Daraus resultiert ein rein praktisches Problem. Wenn der Verkäufer auf dem Kaufpreis von erhöhten 342 000 Euro für den Güllewagen besteht und bis zur vollständigen Zahlung die Auslieferung verweigert, stellt sich für den Praktiker die Frage, wie er verfahren soll.
Zahlt er den Kaufpreis nicht, bleibt ihm nur, den Verkäufer auf Lieferung des Güllewagen zum ursprünglich vereinbarten Kaufpreis zu verklagen mit der Folge, dass ein Gericht entscheiden muss. Neben erheblichen Kosten wäre eine Entscheidung praktisch frühestens in ein bis eineinhalb Jahren herbeizuführen. Zu spät, um rechtzeitig die Gülle auszubringen.
Ist zunächst keine Einigung möglich, wäre die weitaus praktikablere Möglichkeit, der Preisanpassungsklausel schriftlich zu widersprechen und den erhöhten Kaufpreis zu zahlen — mit einem Rückforderungsvorbehalt nach Überprüfung der Rechtmäßigkeit der Preisanpassungsklausel.

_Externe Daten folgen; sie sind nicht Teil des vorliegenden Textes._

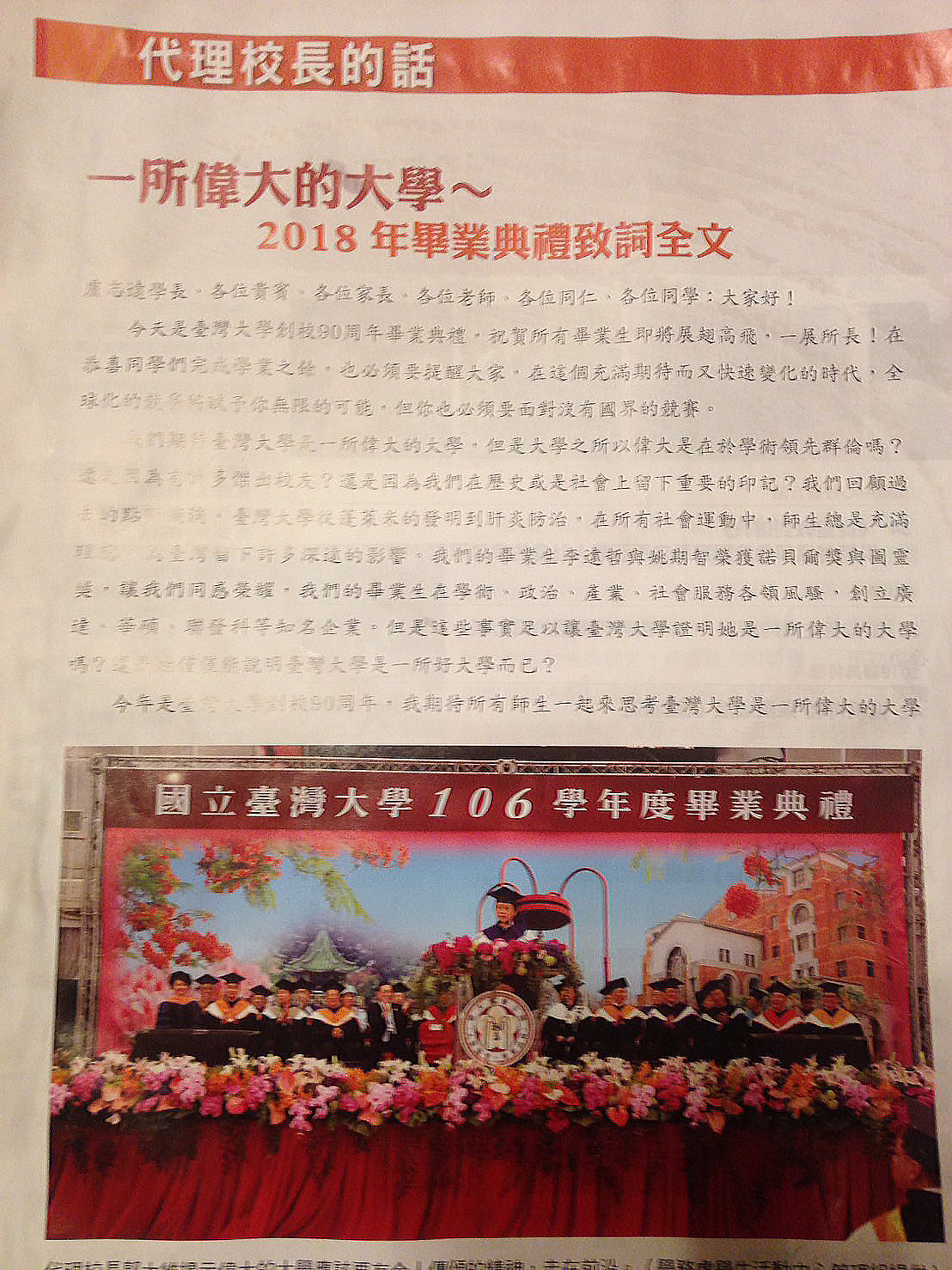 所謂「一所偉大的大學」,來自這段期間台大的代理校長郭大維之口,他在今年畢業典禮上對台大師生用這個題目做演講;這篇講稿透露出台大對管案的處理態度,讓人不勝憂慮。他直言:「現在台大陷入巨大的危機」,接著卻馬上援引「國立大學校院協會」及「私立大學校院協進會」的聲明,指責「政府不應干預遴選結果」,要求「政府尊重校務會議的決議」。郭代校長只會找一群無聊幫閒的團體來壯大聲勢、只知要求別人要尊重自己,卻說不出任何足以讓人尊重的理由;不只如此,在他領導下的台大校方行政人員,掩藏自己所有便宜行事的証據,否認自己所有違法亂紀的事實,那麽「陷入巨大的危機」,豈不只是遲早的事?把危機歸責於政府之後,郭代校長搬出一段陳腔爛調,對畢業生做廉價的期許:「身為台大的畢業生,你必須要有理想、要有榮譽感、對國家社會要有責任感、對弱勢要有同理心,⋯⋯要有雖千萬人吾往矣的精神。」說到理想、榮譽、責任、同理心、⋯⋯,高貴的大人啊,你自己有哪一樣?台大有一個管爺已經夠糟了,偏偏還有你!

Der Vorteil: Das Kaufgeschäft wird zunächst abgewickelt. Dann kann ohne jeglichen Zeitdruck über die Rechtmäßigkeit der Preisanpassungsklausel gestritten werden. Ein angenehmer Nebeneffekt ist, dass der Streitwert, nachdem sich die gerichtlichen und rechtsanwaltlichen Gebühren errechnen, dem Wert der Preisanpassungsklausel entsprechen würde und nicht dem deutlich höheren gesamten Kaufpreis des neuen Güllefasses.